• [Your objective]:
In your copy, reproduce each entry exactly and include no picture.

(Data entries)
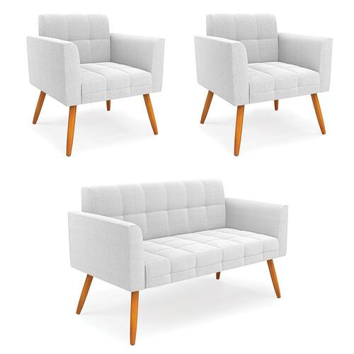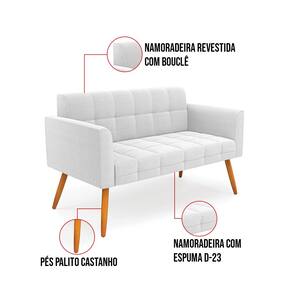 O Sofá Namoradeira e 2 Poltronas Elisa é uma mobília que combina elegância, conforto e durabilidade. Ele tem um design retrô e sofisticado, com Pés Palito Castanho e revestimento em tecido Bouclê Off White, que harmonizam com qualquer ambiente. Ele é ideal para sala de estar, recepções, escritórios, cozinhas ou qualquer outro espaço que você queira decorar com estilo e bom gosto. Ele tem uma estrutura em madeira de reflorestamento eucalipto, que garante a resistência e a sustentabilidade do produto. Ele suporta até 180 kg de peso, podendo ser utilizada por pessoas de diferentes biotipos. Ele tem um acabamento reforçado e espuma de qualidade D23, que oferece maciez e aconchego. Ele contém detalhes de costura no encosto e assento, resultando em um acabamento impecável, conferindo muito mais valor e elegância ao produto. O Sofá Namoradeira e 2 Poltronas Elisa é um móvel de alta qualidade, beleza e funcionalidade. Ele é fácil de transportar, pois tem um peso leve e um tamanho compacto. O Sofá Namoradeira e 2 Poltronas Elisa é um produto que vai fazer a diferença na sua decoração e no seu bem-estar. Ele vai trazer charme, conforto e durabilidade para o seu ambiente. Aproveite essa oferta e leve para casa um Sofá Namoradeira e 2 Poltronas de qualidade por um preço incrível. Essa é a sua chance de ter um Sofá Namoradeira e 2 Poltronas maravilhoso por um preço imperdível. Corra e garanta o seu antes que acabe o estoque!
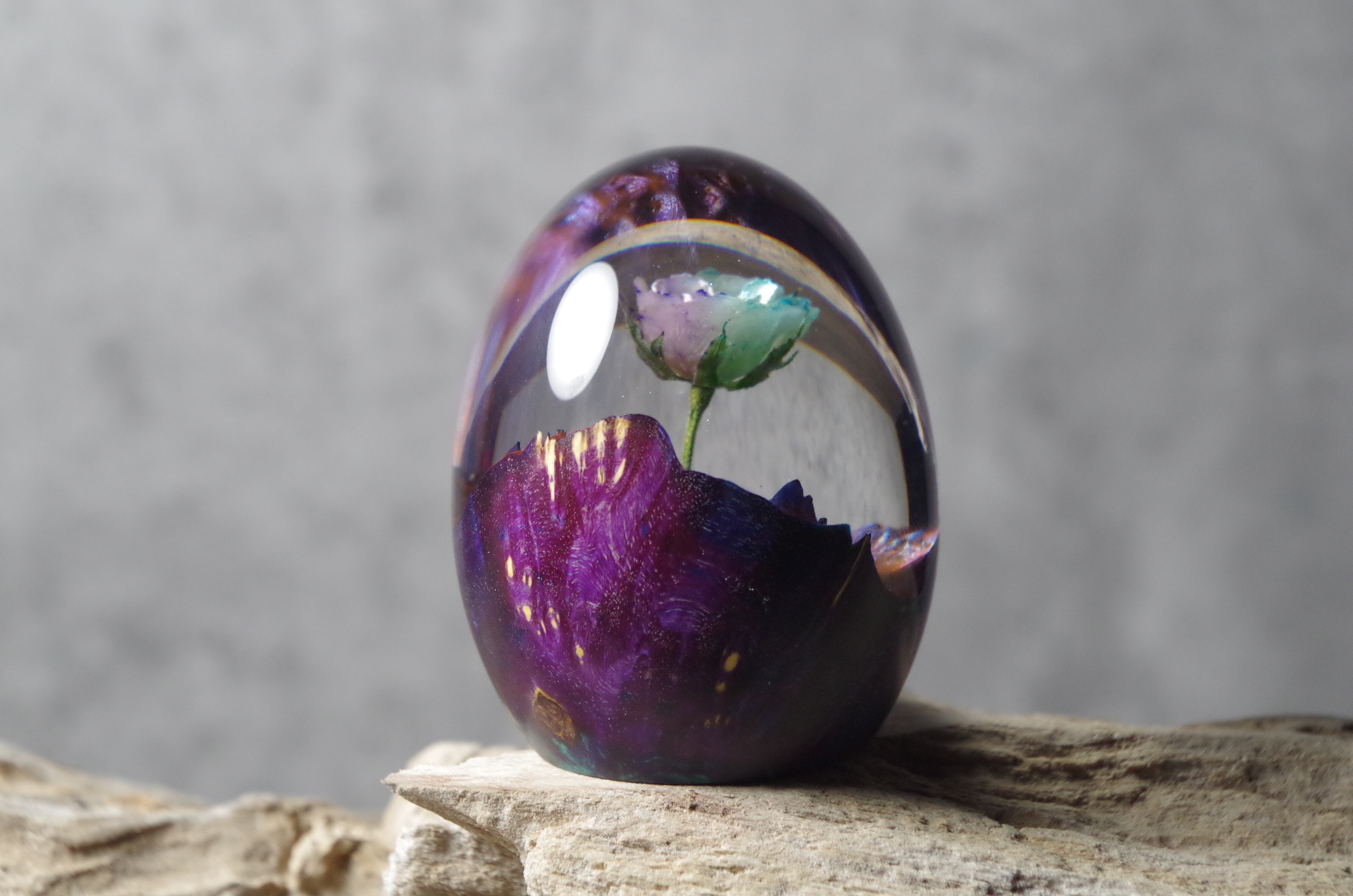 高透明、高強度の2液性のエポキシ樹脂を極限まで磨き上げた卵形オブジェ(ペーパーウェイト)になります。
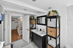 De trap aan de voorzijde van de woning brengt u naar een ruime overloop, van waaruit u drie extra slaapkamers bereikt. Ook deze kamers stralen warmte en gezelligheid uit, en één kamer beschikt over een royale inbouwkast. De tweede badkamer is compleet en luxe uitgevoerd met ligbad, inloopdouche, toilet en een dubbele wastafel met meubel – ideaal voor een ontspannen start van de dag.
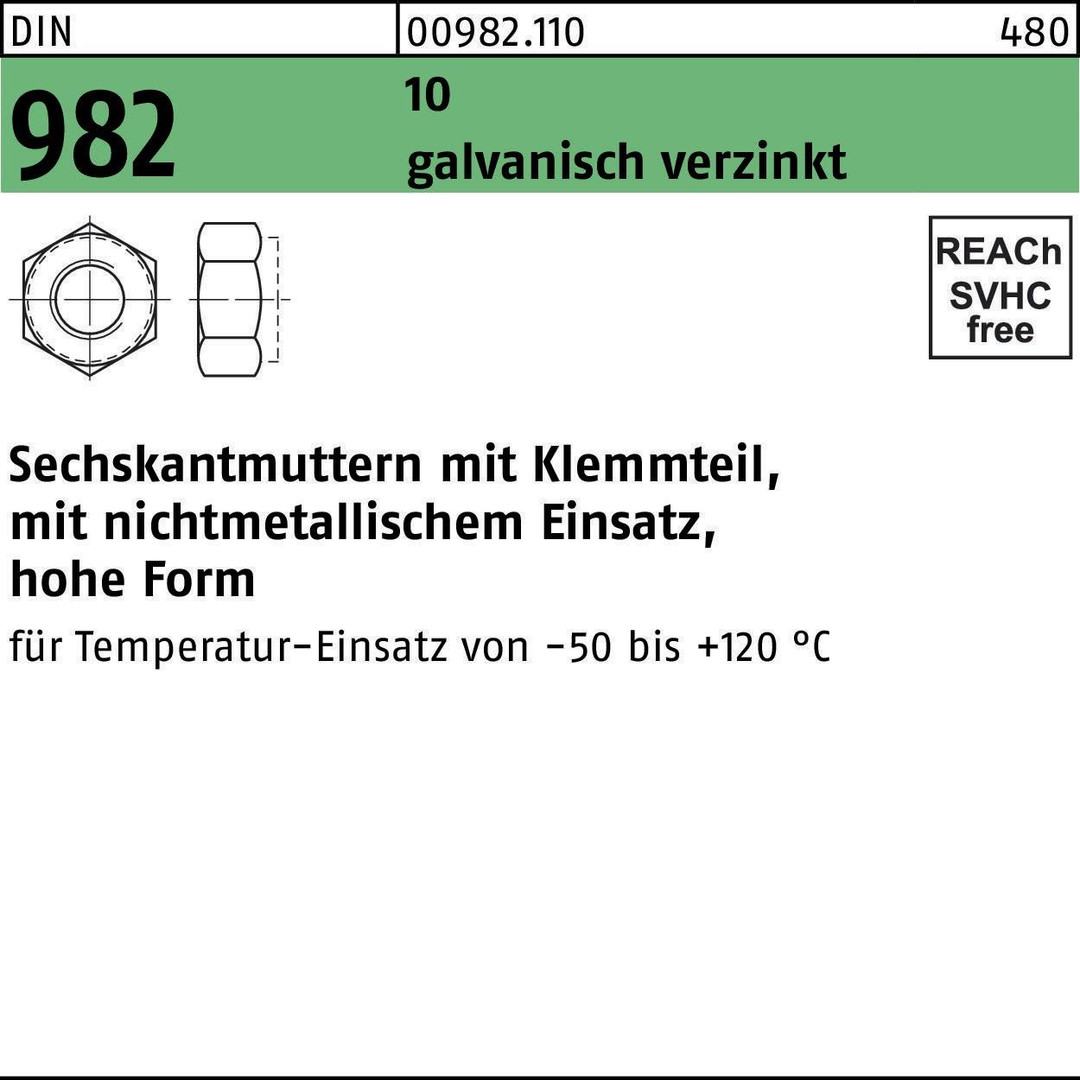 DIN 982 10 galvanisch verzinkt Sechskantmuttern mit Klemmteil · mit nichtmetallischem Einsatz · hohe Form - Abmessung: M 16 VE=S (50 Stück )
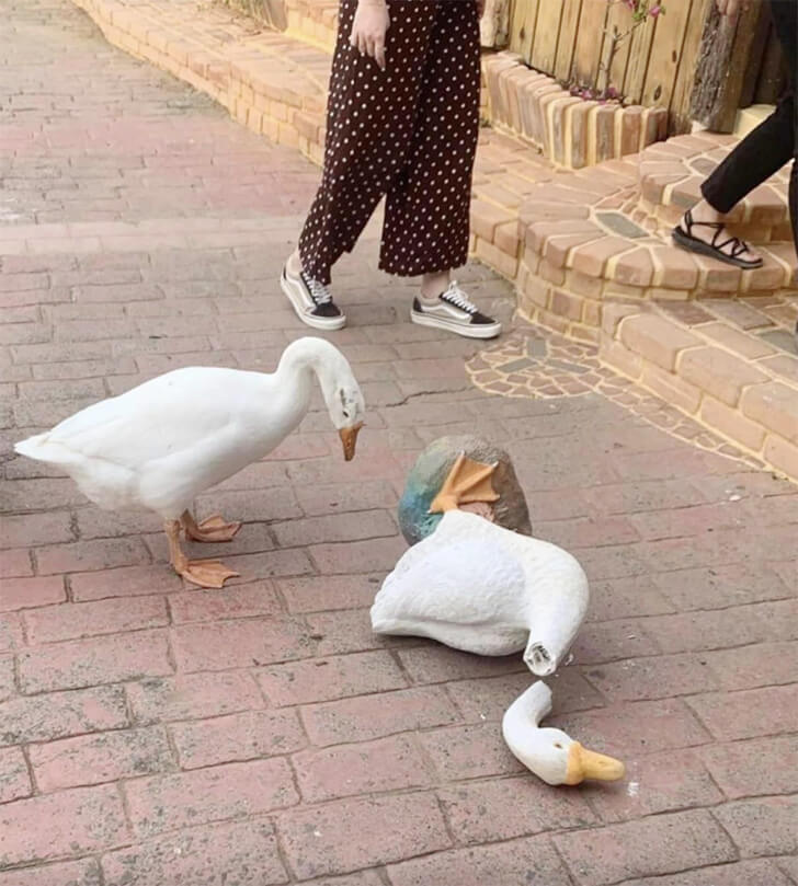 We’re guessing it didn’t realize it was a statue until it got closer. We feel sorry for the poor guy who looks heartbroken about his fellow brother with a severed neck. As per Fao.org, geese are very intelligent birds. So while he may be sad, he’ll also quickly figure out that it isn’t a real goose.

• [Written solution]:
 O Sofá Namoradeira e 2 Poltronas Elisa é uma mobília que combina elegância, conforto e durabilidade. Ele tem um design retrô e sofisticado, com Pés Palito Castanho e revestimento em tecido Bouclê Off White, que harmonizam com qualquer ambiente. Ele é ideal para sala de estar, recepções, escritórios, cozinhas ou qualquer outro espaço que você queira decorar com estilo e bom gosto. Ele tem uma estrutura em madeira de reflorestamento eucalipto, que garante a resistência e a sustentabilidade do produto. Ele suporta até 180 kg de peso, podendo ser utilizada por pessoas de diferentes biotipos. Ele tem um acabamento reforçado e espuma de qualidade D23, que oferece maciez e aconchego. Ele contém detalhes de costura no encosto e assento, resultando em um acabamento impecável, conferindo muito mais valor e elegância ao produto. O Sofá Namoradeira e 2 Poltronas Elisa é um móvel de alta qualidade, beleza e funcionalidade. Ele é fácil de transportar, pois tem um peso leve e um tamanho compacto. O Sofá Namoradeira e 2 Poltronas Elisa é um produto que vai fazer a diferença na sua decoração e no seu bem-estar. Ele vai trazer charme, conforto e durabilidade para o seu ambiente. Aproveite essa oferta e leve para casa um Sofá Namoradeira e 2 Poltronas de qualidade por um preço incrível. Essa é a sua chance de ter um Sofá Namoradeira e 2 Poltronas maravilhoso por um preço imperdível. Corra e garanta o seu antes que acabe o estoque!
 高透明、高強度の2液性のエポキシ樹脂を極限まで磨き上げた卵形オブジェ(ペーパーウェイト)になります。
 De trap aan de voorzijde van de woning brengt u naar een ruime overloop, van waaruit u drie extra slaapkamers bereikt. Ook deze kamers stralen warmte en gezelligheid uit, en één kamer beschikt over een royale inbouwkast. De tweede badkamer is compleet en luxe uitgevoerd met ligbad, inloopdouche, toilet en een dubbele wastafel met meubel – ideaal voor een ontspannen start van de dag.
 DIN 982 10 galvanisch verzinkt Sechskantmuttern mit Klemmteil · mit nichtmetallischem Einsatz · hohe Form - Abmessung: M 16 VE=S (50 Stück )
 We’re guessing it didn’t realize it was a statue until it got closer. We feel sorry for the poor guy who looks heartbroken about his fellow brother with a severed neck. As per Fao.org, geese are very intelligent birds. So while he may be sad, he’ll also quickly figure out that it isn’t a real goose.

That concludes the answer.